– Правильно! Молчок! Раз у вас есть причины прятаться…
– Нет у меня причин прятаться! – возразил г-н Жерар. – Почему вы так решили?
– Да меня это не касается. Вы мне заплатили – я ничего не видел, не слышал. В одиннадцать жду вас в условленном месте.
– Постараюсь не заставить вас ждать.
– Наоборот! Я не буду в обиде.

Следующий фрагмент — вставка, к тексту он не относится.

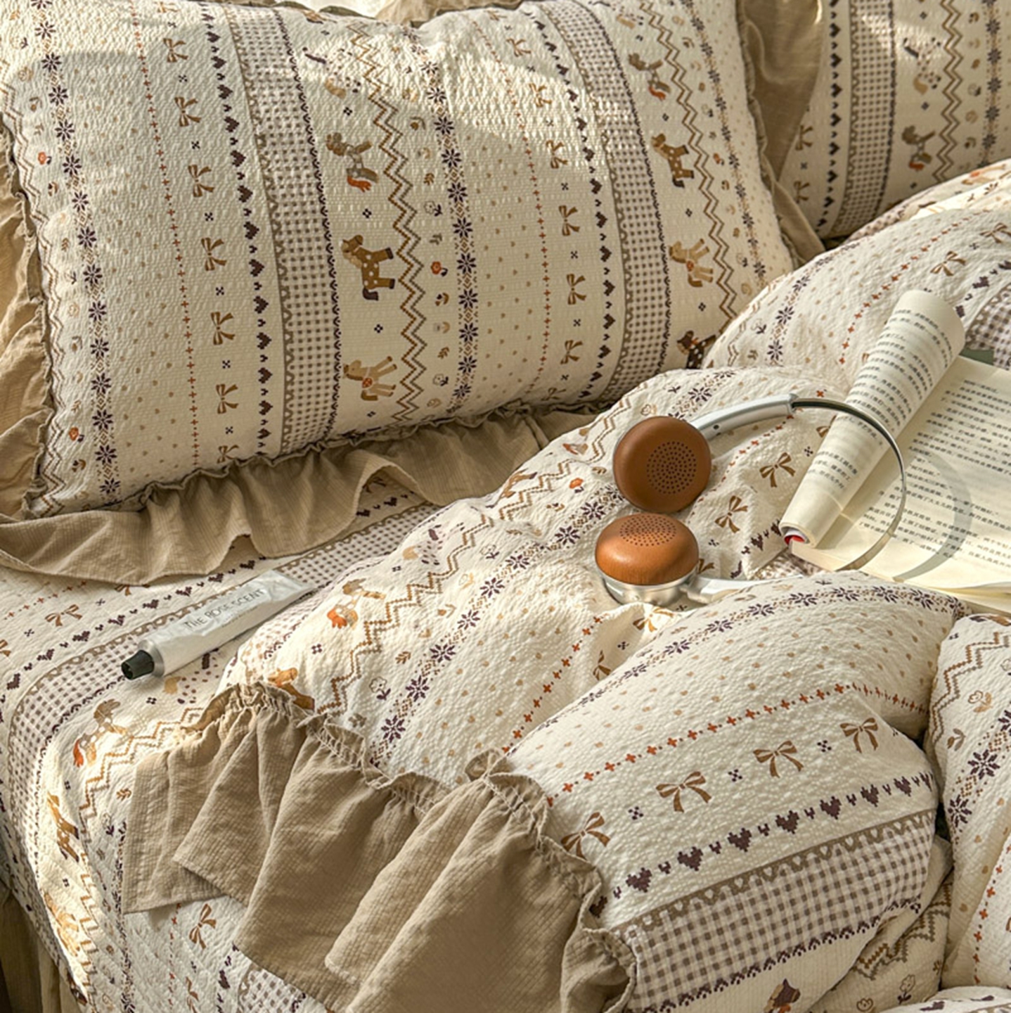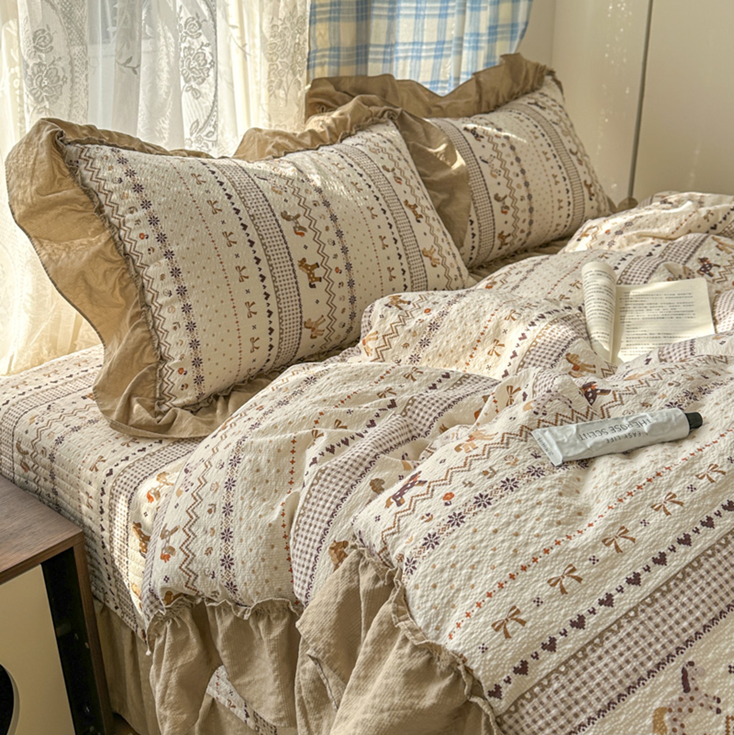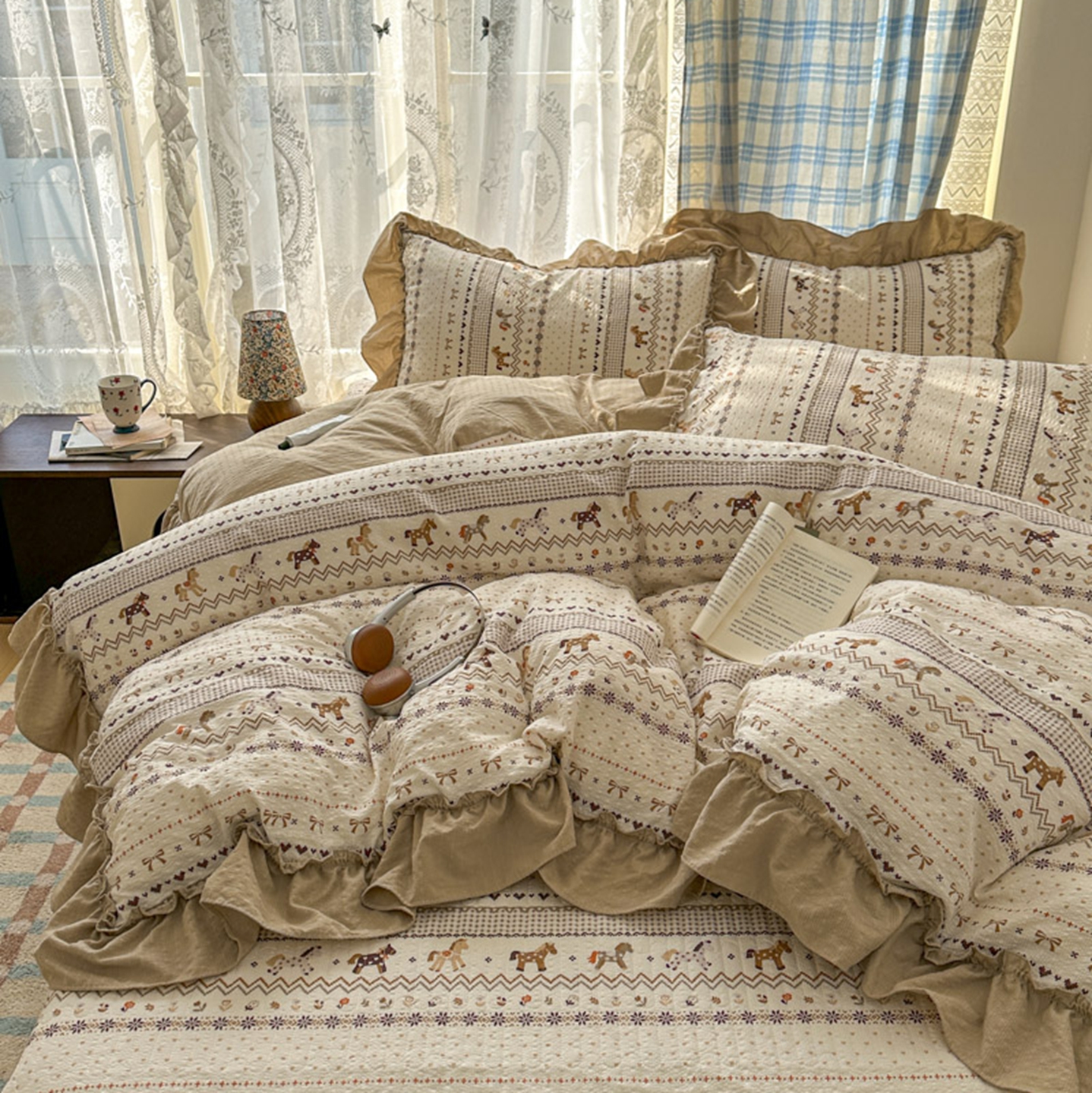 (总)欧尚 2026新款花边床盖四件套,春和,花束,花野,灰樱桃,咖爱心,咖豹纹,咖啡小猫,梨花落,绿爱心,梦境,木马,奶油波点,暖橘枝,暖心,人间草木,田园兔,小女孩,星愿,摇摇马,紫爱心,紫豹纹,紫苏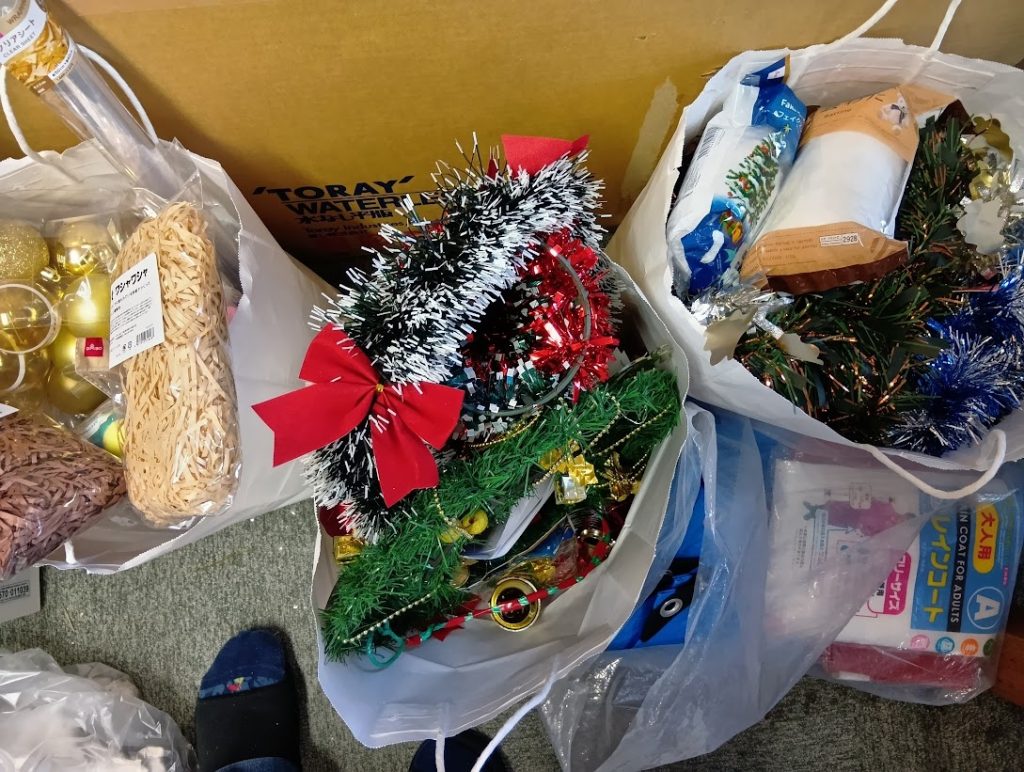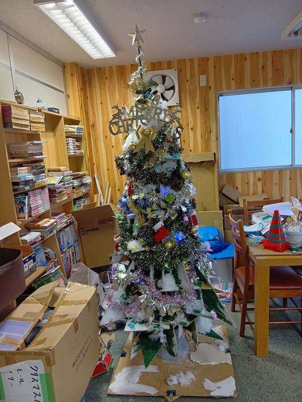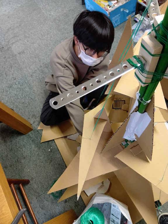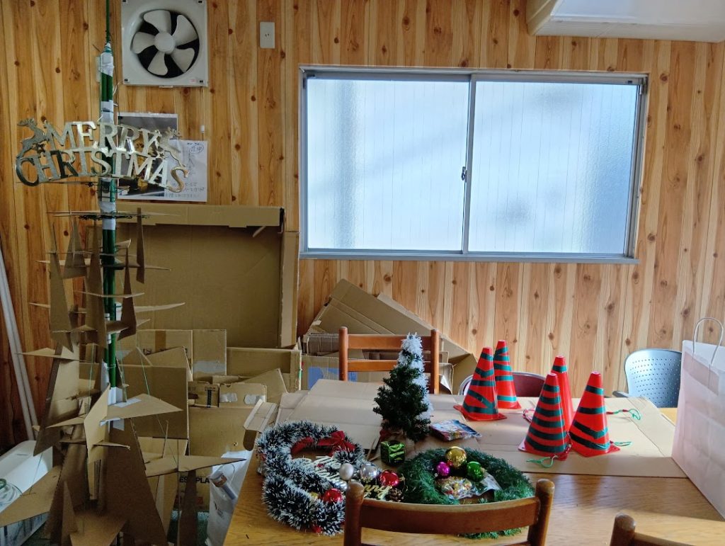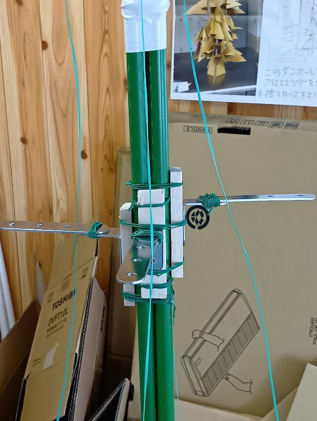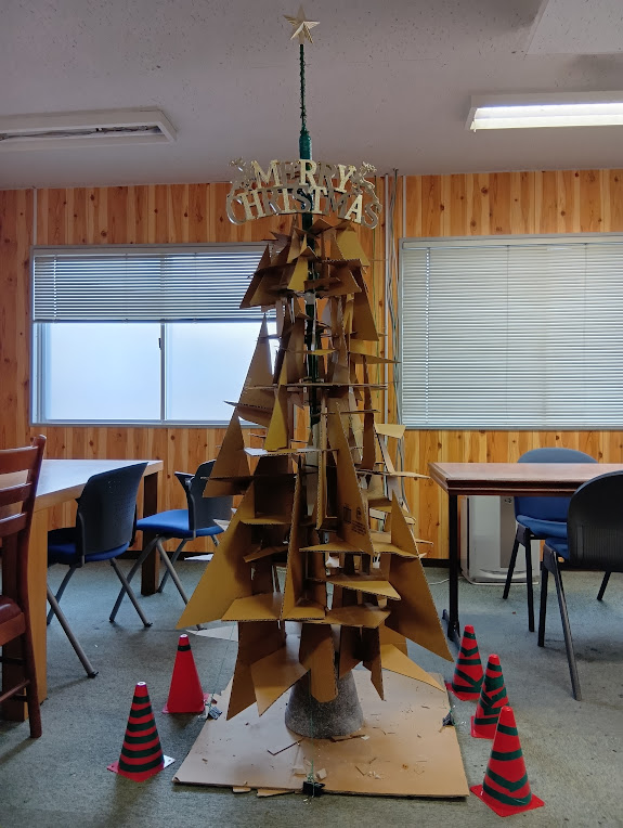 クリスマスツリーは不用なダンボールを利用して、高さ2mぐらい。軸には、ガーデン用のポールを利用しています。12月の初めに完成予定です。

Вы мне платите за простой, так я отвезу вас куда пожелаете, хоть в Иосафатскую долину, и вы, вероятно, единственный приедете на Страшный суд в фиакре.
Довольный собственной шуткой, мэтр Барнабе со смехом вернулся в кабачок, а г-н Жерар, отирая со лба пот, вернулся в замок.
XLVI.
Стесняющий предмет
Ворота оставались приотворены, г-н Жерар нашел лопату на прежнем месте.
Он запер ворота на ключ и опустил его в карман.
Вдруг он вздрогнул и замер, не сводя глаз с окон замка.
Одно окно было освещено.
От ужаса негодяй затрясся всем телом.
Неожиданно он вспомнил о двух свечах, которые он оставил зажженными на камине.
Он понял, что совершил оплошность.
Этот свет мог видеть кто-то еще. Все знали, что в замке никто не живет, и свет непременно должен был натолкнуть на всякого рода догадки.
Господин Жерар торопливо подошел к дому, стараясь не смотреть в сторону пруда, и взбежал на крыльцо.
Он задул одну свечу и уже подошел к другой, как вдруг представил себе, что ему сейчас придется идти по коридору и спускаться по лестнице в кромешной темноте.
Еще за минуту до того он об этом и не подумал, так он боялся, что кто-нибудь увидит свет.
Материальный страх улегся, на его место пришел ужас душевный.
Чего мог опасаться г-н Жерар в коридорах и на лестницах безлюдного замка?
Того, чего одинаково боятся – как бы мало ни было между ними общего – и ребенок, и преступник: привидений.
В темноте г-н Жерар дрожал как лист: ему чудились шаги за спиной.
Он ждал, что сзади его вот-вот кто-нибудь схватит за редингот.
Ему казалось, что за поворотом коридора он вдруг столкнется лицом к лицу с призраком ребенка или женщины.
Ведь в этом проклятом доме произошло два, а то и три убийства.
Вот почему г-н Жерар не стал гасить вторую свечу.
Он мог выйти через главную дверь или через подвал.
В передней он заколебался.
Напротив главного входа находился пруд, этот наводящий ужас пруд!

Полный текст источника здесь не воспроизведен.